The airlines are still flying deeper into turbulence. The official travel restrictions continue to spread, and fears of flying, or going anywhere crowded such as an airport, are now growing even in the US and people are starting to think about backing away from unnecessary domestic flights.

This will become a much larger issue once the virus starts taking off in the US, which we’re now told is almost guaranteed – and they’re telling us to prepare for it. Step one in preparing for it is to avoid going to crowded places where you could catch it, such as an airport or a plane.
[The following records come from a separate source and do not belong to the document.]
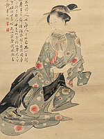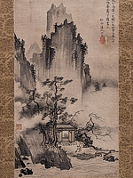 C: 滝の流れを墨の濃淡で表現。 R: 落ちていった先の複雑な流れもまた見事。岩を置くのがセンスだなあと。さて応挙といえば、足のない幽霊である。今回は長沢芦雪、山口素絢とともに並べられていたのだが、応挙はふつうに美人。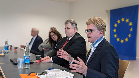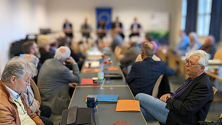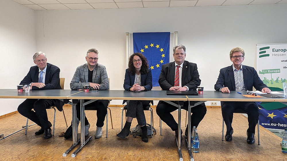 Im öffentlichen Teil der Landesversammlung diskutierte ein hochkarätiges Panel die Herausforderungen und Perspektiven für Europa. Die Landtagsabgeordneten Dr. Ralf-Norbert Bartelt (CDU), Oliver Stirböck (FDP), Angela Dorn (Bündnis '90/ Die Grünen) und Stephan Grüger (SPD) brachten ihre vielfältigen Perspektiven ein und inspirierten die Anwesenden.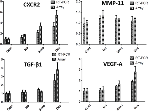 The tumour metastasis PCR array enabled the analysis of 81 mRNAs including 5 endogenous control candidates after 6 hours of gas exposure (Figure 1). All three gases induced changes in the mRNA expression level of 70 out of 81 mRNAs (Table 1), but different inhalational anaesthetics had distinct effects on changes in the gene expression profile (Table 2). In particular, changes induced by desflurane were different to those seen with exposure to isoflurane and sevoflurane (Figure 1), with desflurane leading to greater increases in mRNA. In order to validate these array results, qRT-PCR was performed on a proportion of the 81 mRNAs in the array analysis (Figure 2). The array analysis and the qRT-PCR results are well correlated. For example; VEGF-A mRNA expressions seen with qRT-PCR were 1.00 ± 0.23 (control), 1.10 ± 0.14 (isoflurane), 1.47 ± 0.07 (sevoflurane) and 1.89 ± 0.13 (desflurane), and those from array analysis were 1.00 ± 0.21 (control), 1.09 ± 0.29 (isoflurane), 1.66 ± 0.28 (sevoflurane) and 2.78 ± 0.49 (desflurane) relative to the control. In addition, this analysis revealed that four of the mRNA (CXCR2, TGF-β, VEGF-A and MMP11) were significantly up-regulated and thus they were chosen for further investigation of protein expression.

We see this not only among our friends and acquaintances and coworkers that are cancelling travel plans, but also in an endless litany of corporate announcements of travel restrictions on their own employees and cancellations of corporate events, such as Facebook’s announcement today to cancel its F8 developers conference in San Jose, California, scheduled for May.

People would fly in from all over the world on overpriced tickets, often charged to their expense accounts, to attend these events. But now the events – from mega-events that draw 100,000 attendees from around the globe to small  meetings – are getting cancelled one after the other around the world, and people aren’t going to fly to them.

The good thing, so to speak, for airlines is that the situation may get so bad that they might not need for a while the misbegotten 737 MAX planes that are grounded or that Boeing isn’t delivering, and Boeing is compensating them partially for the grounding of those planes.